Chapter 6
Dave called while I was eating supper. Kim was in labor.“Isn’t it too soon? I mean, doesn’t she have six days left?” Kim had told me that there was something to worry about when a baby came too early…something about lung development…
“She’s fine. Her water broke anyway, so we don’t really have a choice.”
“Oh. Okay. Well, I can be there in about half an hour.”
There was a long pause. Too long, and it made me nervous. Finally he said, “Tess, Jason’s here. He’s in the waiting room with Mom and Dad.”
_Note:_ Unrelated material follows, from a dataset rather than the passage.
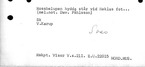 //// Mossbelupen hydda står vid Heklas fot... (mel.not. Dav. Påhlsson) //// V.Karup //// J O^Uo //// HBfi1't' - //// Mskpt. Visor V.S.211. E .U.22015 N0RD-MUS. //// •e //// --—-~-r-^-v--.- — —- ___.____„ ......._ ------V-Wv^t---T----____-------—*¦-----~-------—------ - — - ////

I sat down. Fell, really, onto a kitchen chair. It let out a small screech as it scooted a few inches across the floor. I knew just how it felt.
God damn it.
I’d just spent five months with them and their stupid fetus. I’d helped Kim decorate their nursery, painted it for her because Dave didn’t want her inhaling the fumes. Practiced breathing exercises with them until I thought I’d hyperventilate. Folded clothes and washed bottles and helped organize all of their baby shower gifts. And what had Jason done? Why did he deserve to be there? He couldn’t be bothered to come to court, but he had no problem with making himself at home with my family while they all waited for my nephew to be born.
And why not? Dave had been his friend forever. Why shouldn’t he be there?
“What…Dave, what should I do? Should I come up, too or just wait here?”
There was no answer, and he was right. He wasn’t going to play the bad guy. Wasn’t going to play Solomon with his unborn son. He had a wife to worry about, to breathe with; had to watch her suffer and scream for hours and hours. Had to worry about ten fingers and ten toes and…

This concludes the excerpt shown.